→ **ACTIVITY**:
Reproduce each line below precisely. Drop the pictures.

→ **DATA SEGMENT**:
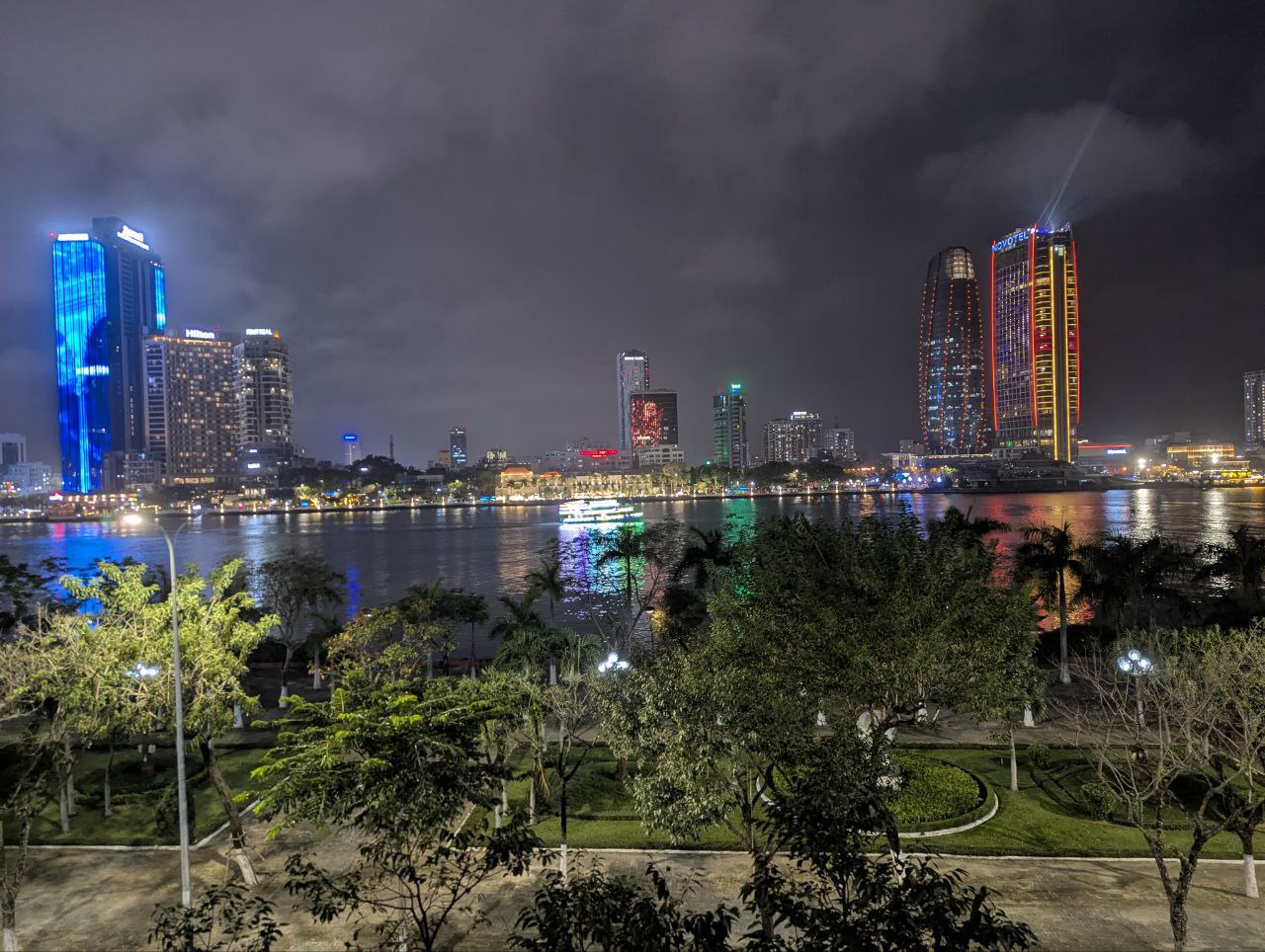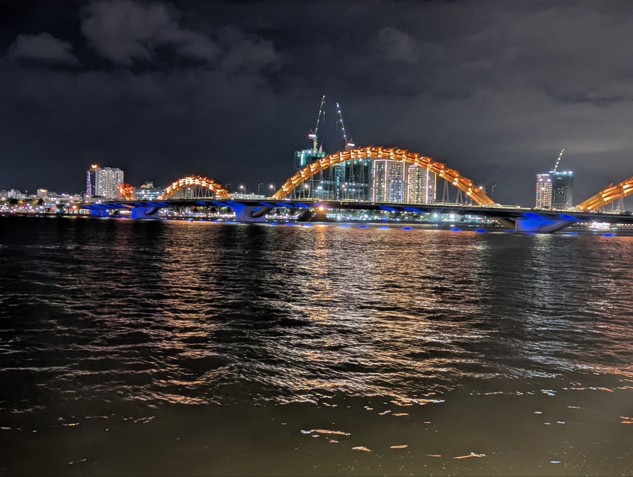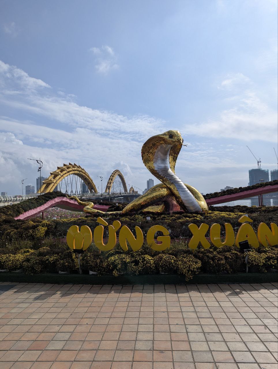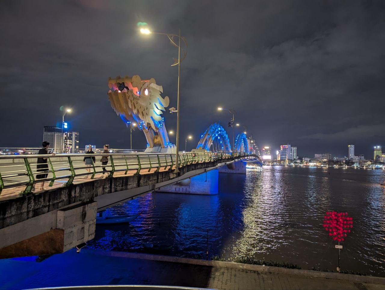 Die Drachenbrücke, ein Wahrzeichen von da Nang. Am Wochenende spuckt der Drache Feuer ab 21 Uhr. Als angehender rentner bin ich m diese Zeit schon im Bett 🙈
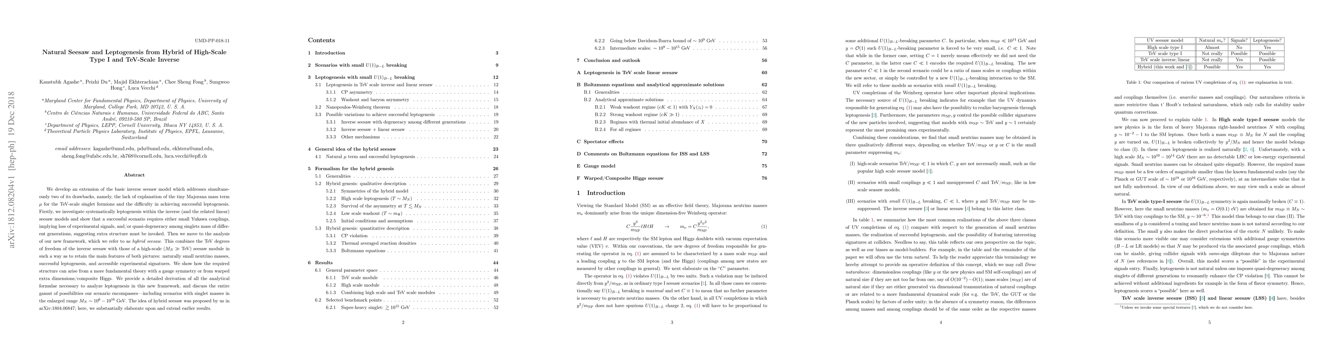 This paper proposes a hybrid seesaw model that combines high-scale and TeV-scale seesaw mechanisms to naturally explain small neutrino masses, achieve successful leptogenesis, and maintain accessible experimental signatures. The authors elaborate on their earlier idea, providing detailed analytical derivations and exploring scenarios with singlet masses ranging from $10^6$ to $10^{16}$ GeV.
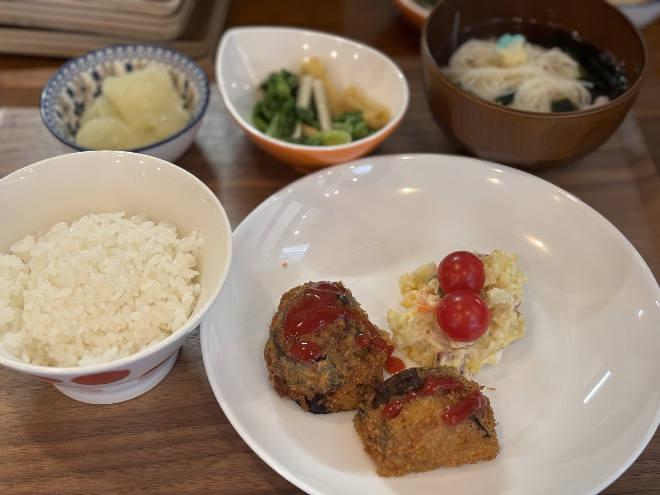 そんな今日の朝ごはんは、よつばホームデリバリーさんから頂いたなす🍆を使ってひき肉のはさみ揚げを作りました🍳

→ **SOLUTION TO THE PROBLEM**:
 Die Drachenbrücke, ein Wahrzeichen von da Nang. Am Wochenende spuckt der Drache Feuer ab 21 Uhr. Als angehender rentner bin ich m diese Zeit schon im Bett 🙈
 This paper proposes a hybrid seesaw model that combines high-scale and TeV-scale seesaw mechanisms to naturally explain small neutrino masses, achieve successful leptogenesis, and maintain accessible experimental signatures. The authors elaborate on their earlier idea, providing detailed analytical derivations and exploring scenarios with singlet masses ranging from $10^6$ to $10^{16}$ GeV.
 そんな今日の朝ごはんは、よつばホームデリバリーさんから頂いたなす🍆を使ってひき肉のはさみ揚げを作りました🍳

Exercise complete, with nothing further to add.